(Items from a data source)
------------------------------------

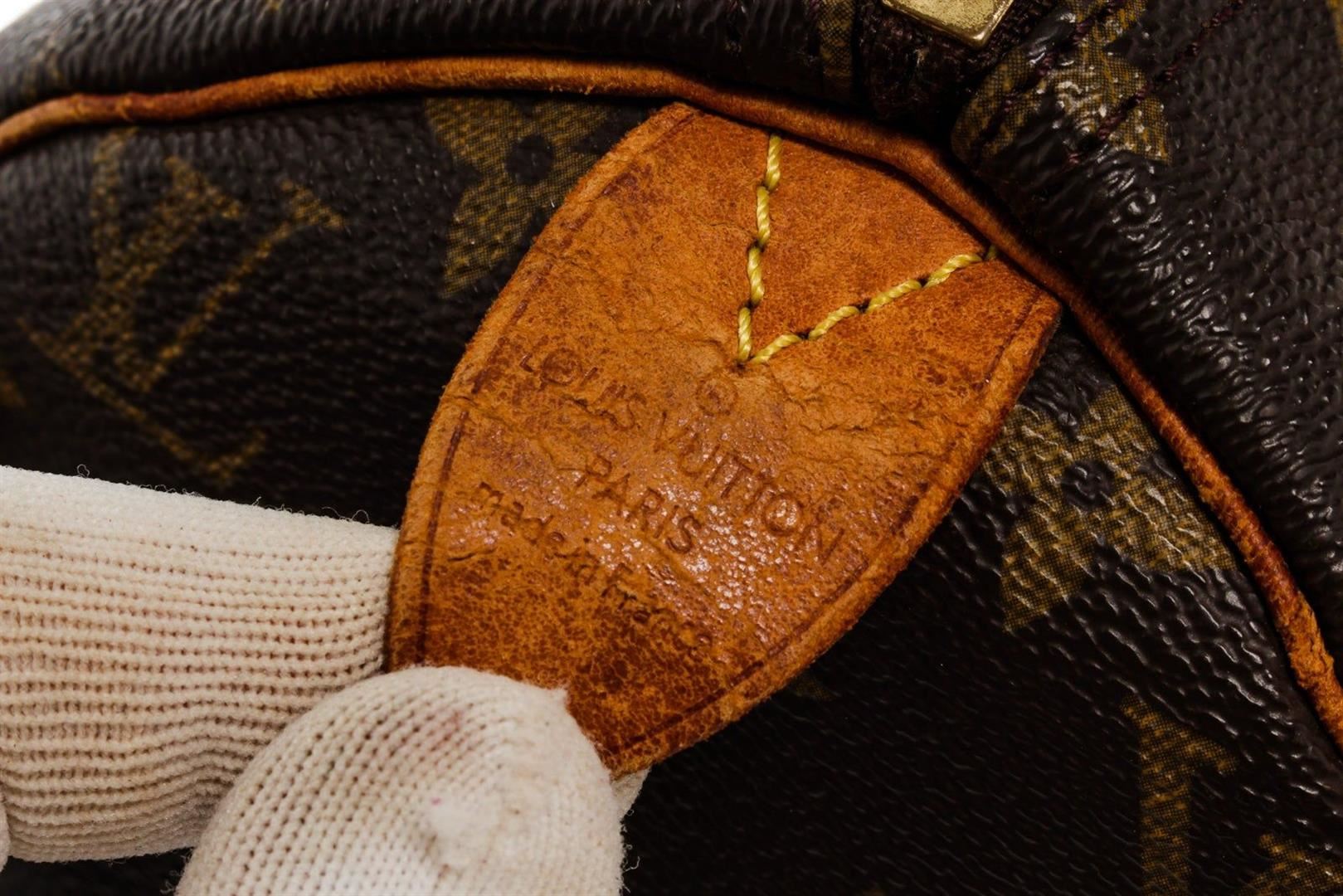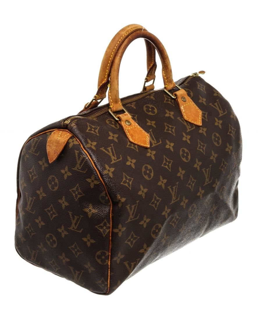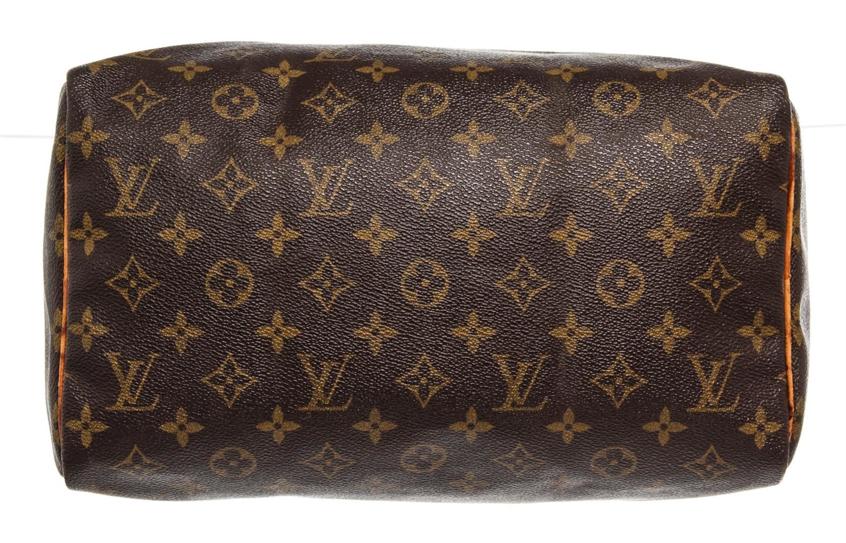 Louis Vuitton Brown Monogram Canvas Speedy 30 Satchel Bag with monogram canvas gold-tone hardware, trim tan vachetta leather, interior slip pocket, dual top handle and zipper closure.
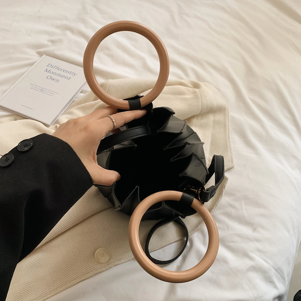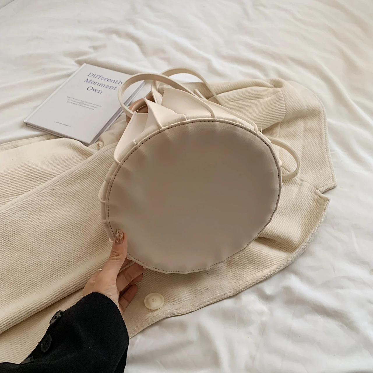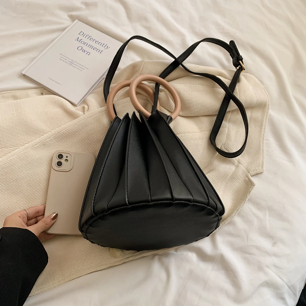 black bucket bag, white bucket bag, brown bucket bag |
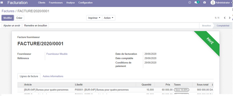 Une fois la facture établie, il est possible de gérer les payements fournisseurs , ou bien l'entreprise règle la totalité de la facture et la facture sera marquée comme payée, ou elle paye partiellement la facture.
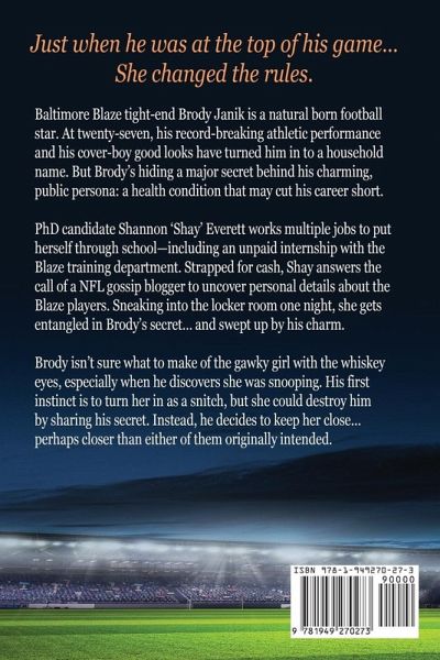Just when he was at the top of his game... She changed the rules. Baltimore Blaze tight-end Brody Janik is a natural born football star. At twenty-seven, his record-breaking athletic performance and his cover-boy good looks have turned him in to a household name. But Brody's hiding a major secret behind his charming, public persona: a health condition that may cut his career short. PhD candidate Shannon 'Shay' Everett works multiple jobs to put herself through school-including an unpaid internship with the Blaze training department. Strapped for cash, Shay answers the call of a NFL gossip blogger to uncover personal details about the Blaze players. Sneaking into the locker room one night, she gets entangled in Brody's secret... and swept up by his charm. Brody isn't sure what to make of the gawky girl with the whiskey eyes, especially when he discovers she was snooping. His first instinct is to turn her in as a snitch, but she could destroy him by sharing his secret. Instead, he decides to keep her close... perhaps closer than either of them originally intended. The Baltimore Blaze Series: Book 1-Game On Book 2-Foolish Games (Crossover to the Chances Inlet Series) Book 3-A Number's Game (Novella and crossover to Milwaukee Growlers) Book 4-Risky Game Book 5-Sleeping with the Enemy
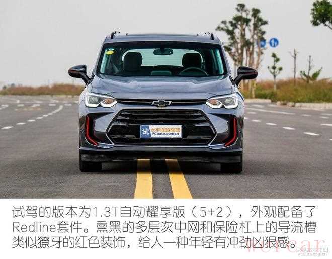 试驾的版本为1.3T自动耀享版(5+2),外观配备了Redline套件。熏黑的多层次中网和保险杠上的导流槽类似獠牙的红色装饰,给人一种年轻有冲劲凶狠感。
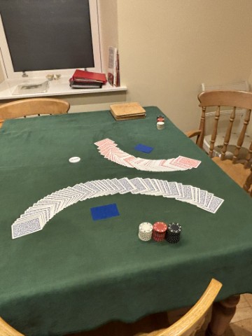 After heading back to the cottage for tea and toast & cheese, Simon & Charlie prepare for the start of their usual weekend poker sessions.

------------------------------------

> _ASSIGNED TASK_
With the pictures left out, give again exactly the lines from the one that contains "试驾的版本为1.3T自动耀享" through the final line of the data above.

> _SOLUTION TO THE EXERCISE_
 试驾的版本为1.3T自动耀享版(5+2),外观配备了Redline套件。熏黑的多层次中网和保险杠上的导流槽类似獠牙的红色装饰,给人一种年轻有冲劲凶狠感。
 After heading back to the cottage for tea and toast & cheese, Simon & Charlie prepare for the start of their usual weekend poker sessions.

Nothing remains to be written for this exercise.